Under 10 CFR 50.34(a)(8) an applicant for a CP must identify the systems, structures or components of the facility, if any, which require research and development to confirm the adequacy of their design and describe the research program that will be conducted to resolve any safety questions associated with such systems, structures, or components. Such research and development may include obtaining sufficient data regarding the safety features of the design to assess the analytical tools used for safety analysis in accordance with 10 CFR 50.43(e)(1)(iii).

Regulatory Guide (RG) 1.233, Revision 0, Guidance for a Technology-Inclusive, Risk-Informed, and Performance-Based Methodology to Inform the Licensing Basis and Content of Applications for Licenses, Certifications, and Approvals for Non-Light-Water Reactors, (ML20091L698) provides the NRC staffs guidance for one way that applicants can perform a safety analysis using a technology-inclusive, risk-informed, and performance-based methodology to inform the licensing basis and content of applications for non-light-water reactors (LWRs). The RG endorses Nuclear Energy Institute (NEI) 1804, Revision 1, Risk-Informed Performance-Based Guidance for Non-Light Water Reactor Licensing Basis Development, with clarifications as one acceptable method for informing the licensing basis and determining the appropriate scope and level of detail for parts of applications for licenses, certifications, and approvals for non-LWRs.

The approach in RG 1.233 and NEI 18-04 is often called the Licensing Modernization Project (LMP).

RG 1.253, Revision 0, Guidance for a Technology-Inclusive Content-of-Application Methodology to Inform the Licensing Basis and Content of Applications for Licenses, Certifications, and Approvals for Non-Light-Water Reactors, (ML23269A222) endorses NEI 21-07, Revision 1, Technology-Inclusive Guidance for Non-Light Water Reactors, Safety Analysis Report Content: For Applicants Using the NEI 18-04 Methodology, with additions and clarifications as one acceptable methodology for use in developing certain portions of the Safety Analysis Report for a non-LWR application that follows the LMP approach.

TECHNICAL EVALUATION 1.

Scope of the NRC Staffs Review Xenergy requested the NRC staffs review and approval of MST TR which describes MST models used to determine radionuclide transport phenomena and estimates MSTs to support the preliminary analysis and evaluation of the Xe100 design described in the TR. MST TR, Section 4.2 states that the MST models are used to calculate dose consequences for licensing basis events (LBEs) identified by probabilistic risk assessment and to develop the frequency-consequence curves specified in NEI 18-04. The MST models are also used to calculate the dose consequence for deterministically evaluated DBAs.
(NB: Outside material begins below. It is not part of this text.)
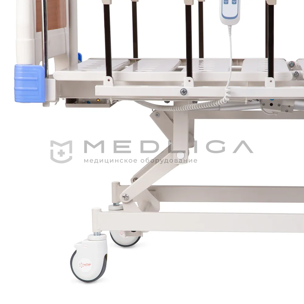 Пультом ДУ настраивается и высота положения ложа. Эта функция позволяет выбирать наиболее удобное положение для проведения лечебных процедур, что значительно упрощает уход за пациентом и его самостоятельное использование кровати.
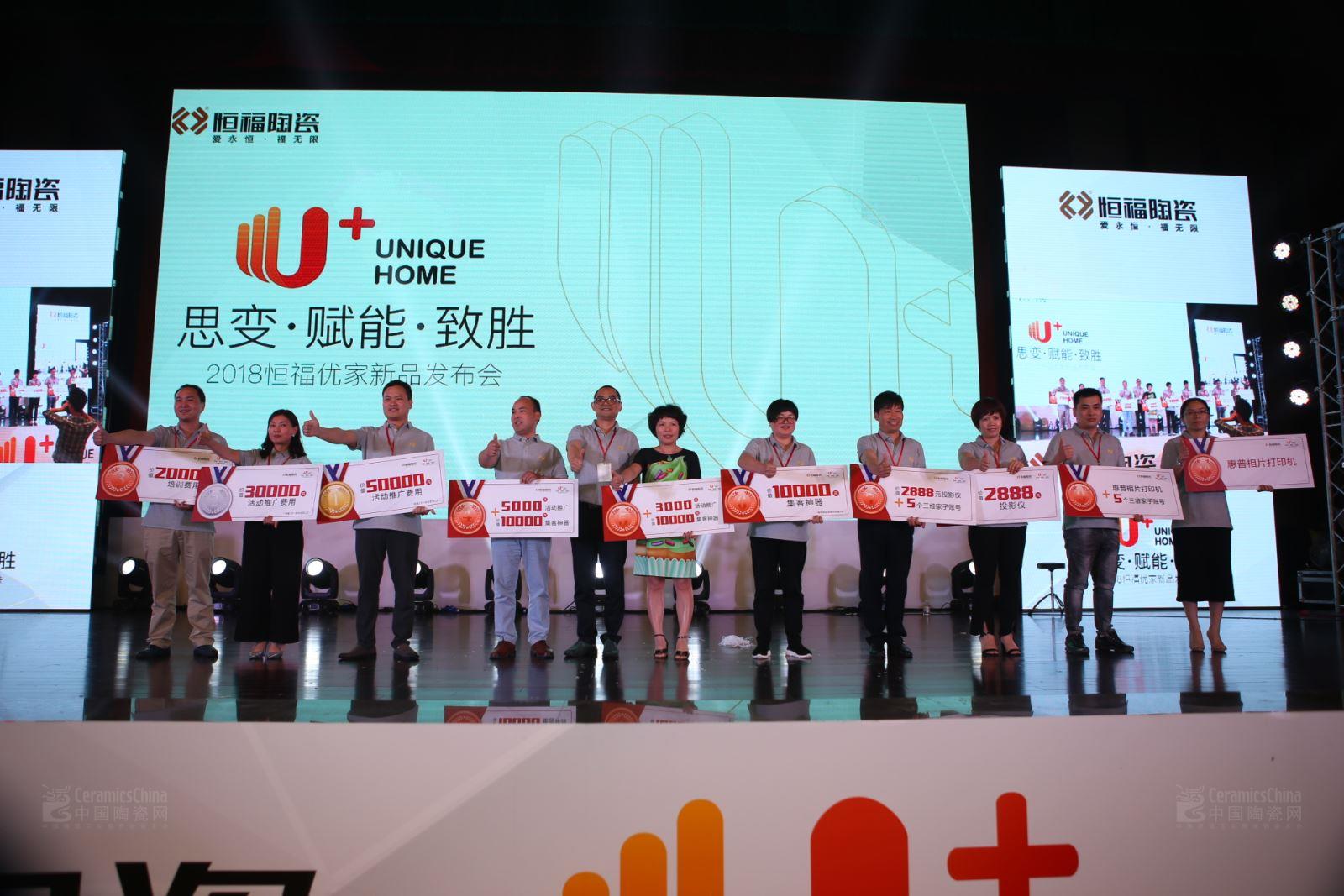 \u00A0\u00A02018年4月14日,以“思變?賦能?致勝”為主題的恒福陶瓷U+現(xiàn)代館新品發(fā)布會在中國?佛山三水綠湖溫泉酒店拉開序幕。匯亞集團董事長兼總裁冼明寬、匯亞集團副總裁兼恒福陶瓷總經(jīng)理陳海麟、常務(wù)副總經(jīng)理曹俊、銷售總監(jiān)段士波、徐迪宇、市場部總監(jiān)王艷、設(shè)計部總監(jiān)錢龍、產(chǎn)品部總監(jiān)熊宏等領(lǐng)導(dǎo)和全國核心經(jīng)銷商以及10多家行業(yè)媒體總計兩百余人參加了本次盛會。

Accordingly, the NRC staff reviewed the MST modeling approach used to address radionuclide transport phenomena and estimate the MSTs to support the preliminary analysis and evaluation of the Xe100 for LBEs including DBAs. Specifically, this SE documents the NRC staffs review of the XSTERM code to develop the radiological source terms for use in future Xe-100 licensing applications.

However, the NRC staff notes that because the Xe100 design is preliminary, and development and V&V of the methods described in the TR and other related TRs (including TSAM) by Xenergy is in progress or planned, the NRC staffs review is limited to and focuses on high-level physical phenomena of interest and whether the analysis approach and methods described can reasonably support future licensing actions for deployment of the Xe100 design.

The NRC staffs evaluation of the models within XSTERM for acceptability will be conducted during the review of an application that relies on the results of XSTERM evaluations.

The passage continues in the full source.